Can happen to interview an excellent candidate for a position……
The woman had an incredible resume, an infectious personality, and, seemingly, a good work ethic. She was dressed for success, with a style fitting our culture. She answered all the questions well, and seemed like a potential fit for the company. Yet, despite all of this, she didn’t receive another interview, and was decided to not hire her
What went wrong?
When was asked to her what questions she had for the company, twice, the job candidate replied, “None, really. I’ve been following you guys online for awhile and feel like I know everything already.”
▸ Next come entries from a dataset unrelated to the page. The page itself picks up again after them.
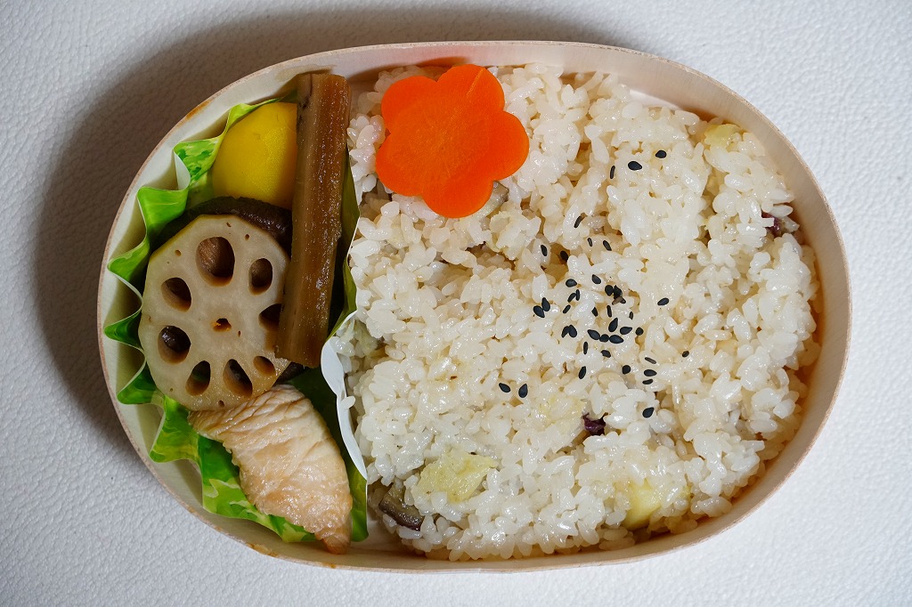 2024(令和6)年8月23日に水戸駅で発売。10月のJR東日本の駅弁キャンペーン「駅弁味の陣2024」にエントリー。商品名と色で芋を思わせる掛紙を巻いた、長円形の容器に茨城県産さつまいもの炊き込みご飯を詰め、茨城県産花人参煮、茨城県産ごぼう甘辛煮、笠間の栗、茨城県産れんこん、つくば鶏照焼、しいたけ煮を添える。おいもの甘さによりおかず要らずでいただける芋ごはんがおいしい。それに、酸味も辛味も苦味もないのがありがたい。サツマイモは薩摩芋というくらいなので鹿児島県が日本一の産地であるが、第2位は茨城県であり、シェアも3割強と3割弱であまり変わらないから、茨城の名物といって差し支えない。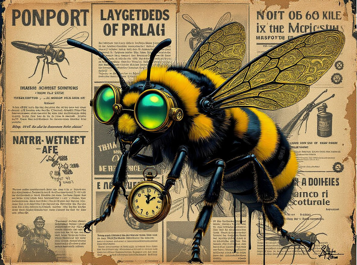 This image showcases a detailed bumblebee carrying a pocket watch and map, set against a backdrop of faded, sepia-toned vintage insect sprayer ads. The artwork has a cyberpunk aesthetic.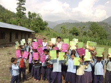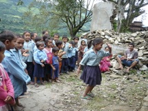 In 2009 the original Shree Aanku Primary School at Masser near Khahare was destroyed by a landslide in the monsoon rains. Help Rural Nepal was founded to raise funds to rebuild this school by assisting in the purchase of a new site on flatter ground, and with the help of local craftsmen as much as possible was salvaged from the old school and reused. The replacement school with 4 classrooms, a library, a staff room and 2 toilets was completed in 2010.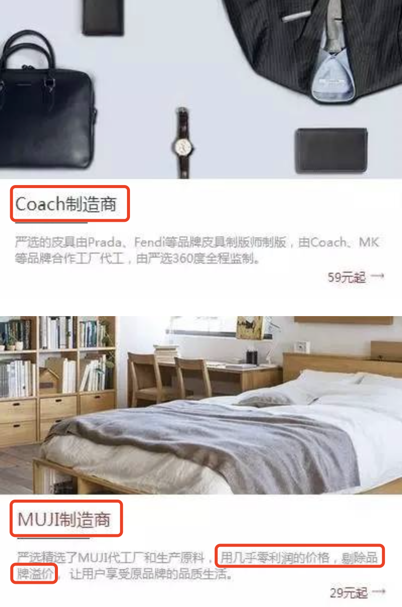 在这类项目中,它们主要瞄准那些大牌代工厂或产业带的知名工厂,为其提供营销渠道,以“**品牌代工厂”“**大牌制造商”的宣传语去打知名度和信任度,再以“低至**品牌几折”“零利润剔除品牌溢价”的方式促进购买转化。——你可以说,在传播中起到关键作用的就是那些大品牌的名称。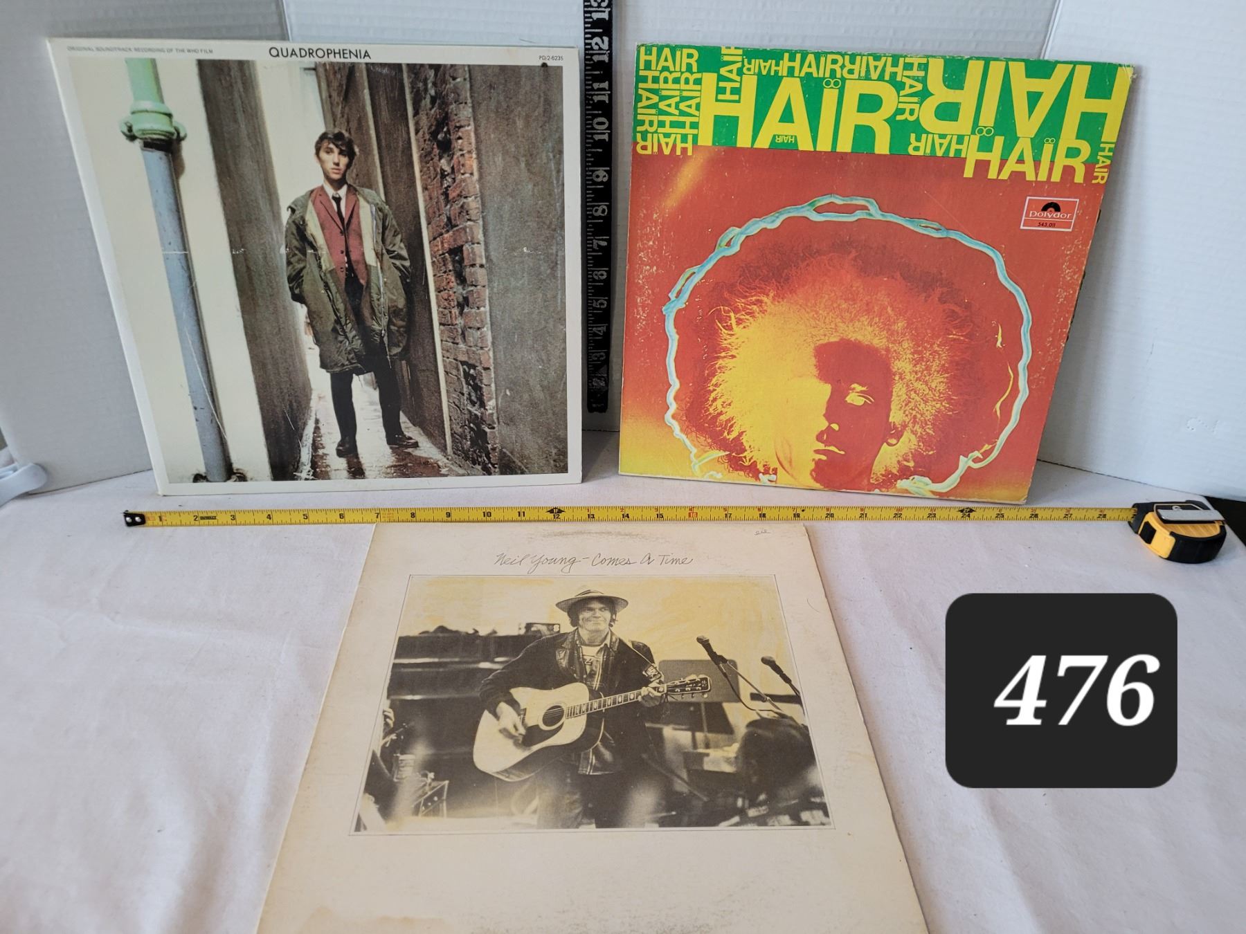 Vtg. LP records. Quadrophenia ( original sound track of the Who film), Hair & Neil Young.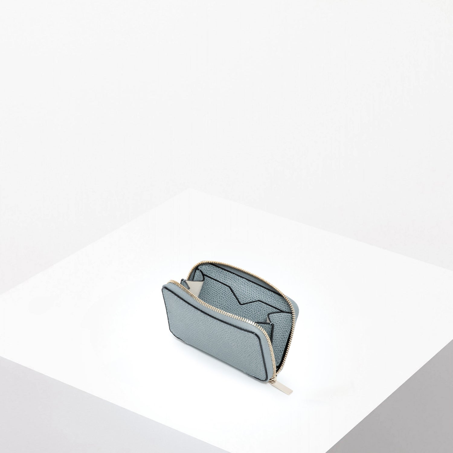 ジップ式のミニウォレット。豊富なカラーバリエーションを展開しています。内側にはブランドの象徴であるV字カットが施されたクレジットカードホルダー2つ付き。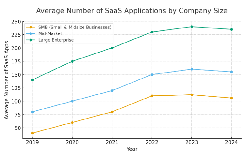 Figure 1: Average Number of SaaS Applications Used in Organizations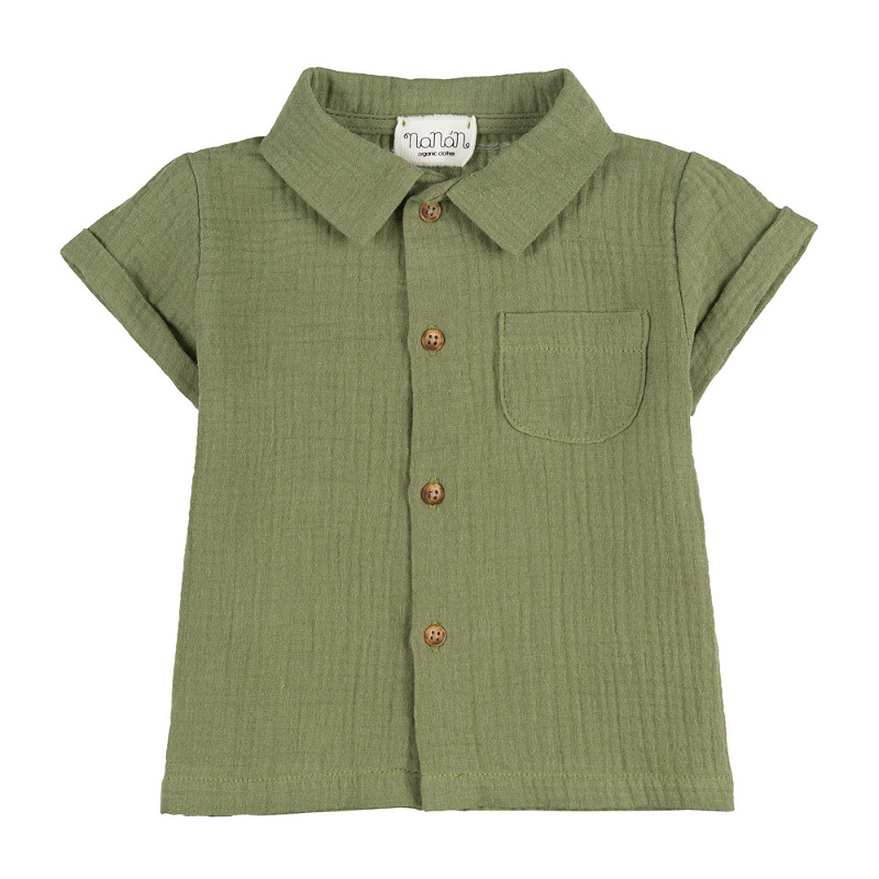 - Green organic cotton ensemble featuring a short-sleeved shirt with a front opening, collar, and small side pocket, paired with elasticated shorts. Cool and comfortable, it combines naturalness and style for a refined and sustainable look.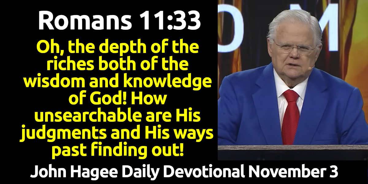 John Hagee (November-03-2025) Daily Devotional: Romans 11:33 - Oh, the depth of the riches both of the wisdom and knowledge of God! How unsearchable are His judgments and His ways past finding out!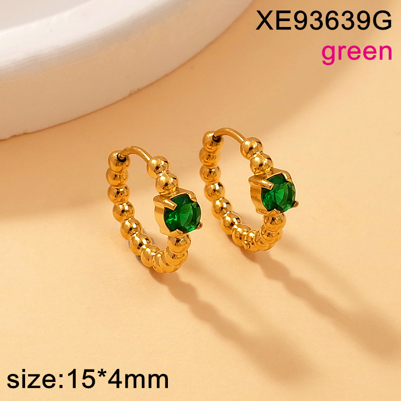 Home > Level A Stainless Steel New Trendy Women Jewelry Round Bead Studded Round Green Glass Golden Earrings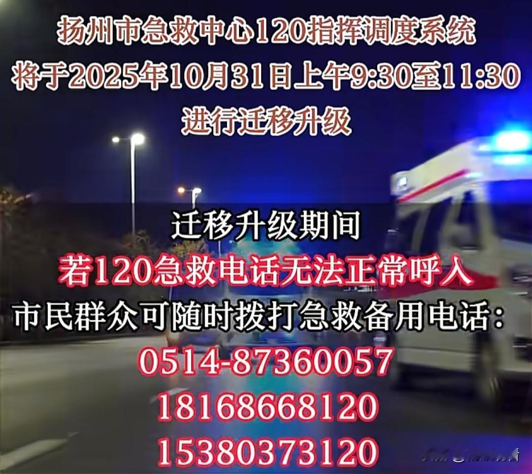 扬州人紧急提醒!120热线升级,备用电话速存📞 扬州的宝子们注意啦!这条关乎生命安全的通知,一定要看完转发给家人! 扬州市急救中心120指挥调度系统要迁移升级了,时间是2025年10月31日上午9:30到11:30。划重点!升级这俩小时里,如果120打不通千万别慌,这三个备用电话赶紧存手机里,最好设个快捷拨号: 0514-87360057 18168668120 15380373120 紧急情况拨打时,一定冷静说清具体地址、联系电话和患者症状,等调度员确认再挂电话,也可以安排人在路口接应救护车,提前备好病历、医保卡更省心。 这种关键信息真的不能漏!赶紧转发给家里老人和身边朋友,有备无患才安心!

That was a fatal error, of course. By not asking questions, she told me she wasn’t truly interested in learning more, in creating value, and in our company. She wasn’t interested enough in learning more to find out if we were a fit for her. It is not possible to hire an otherwise well-qualified candidate because, in her lack of questions, she displayed a lack of passion for, interest in, and curiosity about our company, the position, and the fit.
The most important thing you must do in every interview is to ask great questions.
The key is to ask great questions – not to ask questions that you should know the answers to already (“What does the position entail?) or questions that make it all about you (“What is your vacation policy?”)
Don’t ask questions to check a box. Ask questions out of authentic, genuine curiosity.
Here are 9 great questions you can use or make your own on your next job interview. Of course, don’t ask all nine, but choose a couple and tailor them based on your unique circumstances:
1) Who would make the ideal candidate for this position?
2) How will the work I’ll be doing contribute to the organization’s mission?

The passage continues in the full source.